Но я вовремя одернул себя. Какое право имею я судить ее?
Нечего мне судить о людях, если я начисто лишен этой способности. А если мне жалко эту чужую больную девчонку, то, значит, надо о ней позаботиться.
Я набрал номер Семена. Дома была только Лиля. Я, как мог вразумительнее, объяснил, что случилось.
Спросил, с кем эта Марина живет, что она за человек.
— Она прекрасный человек, — сказала Лиля, — очень серьезный человек.
Лиля дала мне ее адрес. Это было довольно далеко от завода, да я еще зашел в аптеку, купил лекарство. В общем, со времени нашего разговора прошло часа два.
Ее фамилии я не знал, потому позвонил сразу в несколько звонков. Открыл какой–то мастеровой с фингалом под глазом, из всех дверей торчали любопытные соседи.
— Где больная? — нашелся я.
Они показали на дверь. Я постучал. Те несколько секунд, что я ждал разрешения войти, были для меня очень тревожны. Никто так и не ответил, и тогда я вошел. При минимуме мебели в комнате был чудовищный кавардак.
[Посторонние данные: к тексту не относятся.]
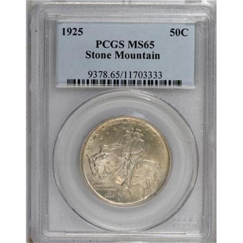 <B>1925 50C Stone Mountain MS65 PCGS.</B></I> PCGS Population (1695/845). NGC Census: (1978/701). Mintage: 1,314,709. Numismedia Wsl. Price for NGC/PCGS coin in MS65: $240. (#9378)<BR><BR><b>Shipping:</b> Coins & Currency (<a target="_blank" href="http://www.heritageauctions.com/common/shipping.php">view shipping information</a>)

Немыслимый. Почему–то были выбиты стекла, и на полу вперемешку валялись осколки стекла и черепки разбитых чайных чашек. На полу у разбитого окна — подушка. На подоконниках лежали тающие сугробы. Под окнами стояли лужи.
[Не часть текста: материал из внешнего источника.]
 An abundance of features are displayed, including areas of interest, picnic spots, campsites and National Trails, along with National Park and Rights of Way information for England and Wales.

И среди всего этого, на кровати, стоящей недалеко от окна, лежала Марина, а на лице у нее был снег. Это было так страшно — снег на лице, что у меня затряслись руки. Я подумал: уж не мертвая ли она? Подбежал. Нет. Она дышала. А снег на ее лице все же таял. Я не знал, за что приняться. Прежде всего заткнул дыру подушкой, потом сунул ей под мышку градусник. Потом побежал на кухню, налил из чужого чайника воды в чужой ковш, чтоб дать запить лекарство. Соседи не возражали, так как думали, что я врач. Я будил ее долго, уговаривал проглотить антигриппин. Она наконец открыла мутные глаза. Сказала хрипло:
— А, Стасик, ты пришел.
Стасик так Стасик. Объяснять, кто я такой, не имело смысла. Вряд ли она помнила о разговоре со мной. А впереди было много работы. Вставить стекла сегодня было уже нельзя. Тем более что они были такой необычной круглой формы. Я пошел опять к соседям и попросил хотя бы фанеры. Человек с фингалом дал мне ее и предложил помощь. Две соседки принесли вату, чтоб заткнуть щели. Потом я мел стекла и черепки, поранил палец, мне его дружно бинтовали и заливали йодом. Кто–то принес рефлектор, чтоб согреть застуженный воздух. Градусник показывал тридцать девять и семь. У нее начался бред.